DEFINE FILENAME txn_file;
LOAD txn_file TO VERTEX Transaction VALUES (
$"hash", $"version", $"lock_time", $"size", $"virtual_size",
$"input_count", $"output_count", $"input_value", $"output_value", $"fee", $"is_coinbase"
) USING kafka_topic="transaction_topic";

DEFINE FILENAME output_file;
LOAD output_file TO VERTEX Output VALUES (
$"transaction_hash_index", $"transaction_hash", $"index", $"value",
$"script_asm", $"script_hex", $"required_signatures", $"type"
) USING kafka_topic="output_topic";

DEFINE FILENAME address_file;
LOAD address_file TO VERTEX Address VALUES (
$"address"
) USING kafka_topic="address_topic";

DEFINE FILENAME txn_block_file;
LOAD txn_block_file TO EDGE txn_block VALUES (
$"FROM", $"TO"
) USING kafka_topic="txn_block_topic";

DEFINE FILENAME txn_output_file;
LOAD txn_output_file TO EDGE txn_output VALUES (
$"FROM", $"TO"
) USING kafka_topic="txn_output_topic";

DEFINE FILENAME input_txn_file;
LOAD input_txn_file TO EDGE input_txn VALUES (
$"FROM", $"TO"
) USING kafka_topic="input_txn_topic";

DEFINE FILENAME output_address_file;
LOAD output_address_file TO EDGE output_address VALUES (
$"FROM", $"TO"
) USING kafka_topic="output_address_topic";

DEFINE FILENAME block_chain_file;
LOAD block_chain_file TO EDGE block_chain VALUES (
$"FROM", $"TO"
) USING kafka_topic="block_chain_topic";

END

4: Run the Kafka Loading Job

To launch the real-time Kafka loader:

gsql ./bitcoin_kafka_loader.gsql

Then execute:

RUN LOADING JOB kafka_bitcoin_job USING
block_file="dummy",
txn_file="dummy",
output_file="dummy",
address_file="dummy",
txn_block_file="dummy",
txn_output_file="dummy",
input_txn_file="dummy",
output_address_file="dummy",
block_chain_file="dummy"

✅ TigerGraph will now consume from Kafka continuously.

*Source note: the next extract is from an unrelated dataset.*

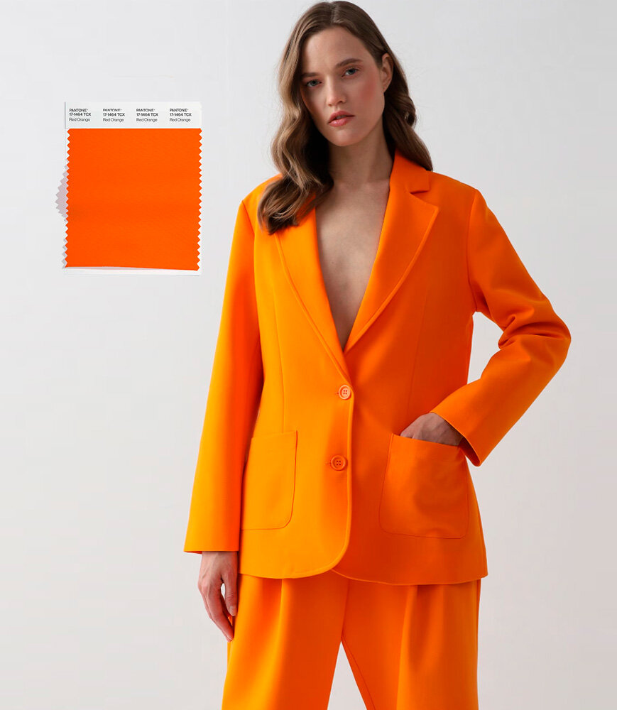 Яркая осень – не просто слова, а целый спектр эмоций, которые нам предлагает испытать новая палитра Института цвета Pantone. Тут и очевидные сезонные хиты, и нежданные гости – вроде «типично летнего» оранжевого и охлаждающего голубого. Начинаем цветотерапию по всем заветам психологов: у осенней хандры просто нет шансов! PANTONE 19-1555 Red Dahlia — Красный георгин Какая осень без насыщенного красного – это наш рдеющий флаг того, что мы в курсе трендов. В этот раз страстный яркий оттенок идёт на усложнение: получает коричневато-бордовый подтон, благодаря которому смотрится статусно и благородно. Примерьте его в верхнем регистре – в виде роскошного блейзера с эффектной бархатной фактурой или делайте вторым слоем в виде акцентов – ярких и контрастных 3D-рисунков на лёгком эластичном пуловере. Детали: брюки из эластичной ткани, ботильоны из замши со сборкой, эффектное кольцо. PANTONE 17-1464 Red Orange — Красный Оранжевый Нежданно жизнерадостный оттенок в палитре, который принято счита

Monitoring and Troubleshooting

To monitor:

gadmin status KafkaLoader
tail -f /home/tigergraph/tigergraph/logs/GSQL_KAFKA_LOADER_LOG.*

Final Thoughts

  • All attributes are preserved. No simplifications.
  • 🔁 Kafka-based ingestion allows real-time analytics on UTXO graphs.
  • 🧩 TigerGraph’s bidirectional edges and efficient parallel loading make it ideal for analyzing complex transaction flows.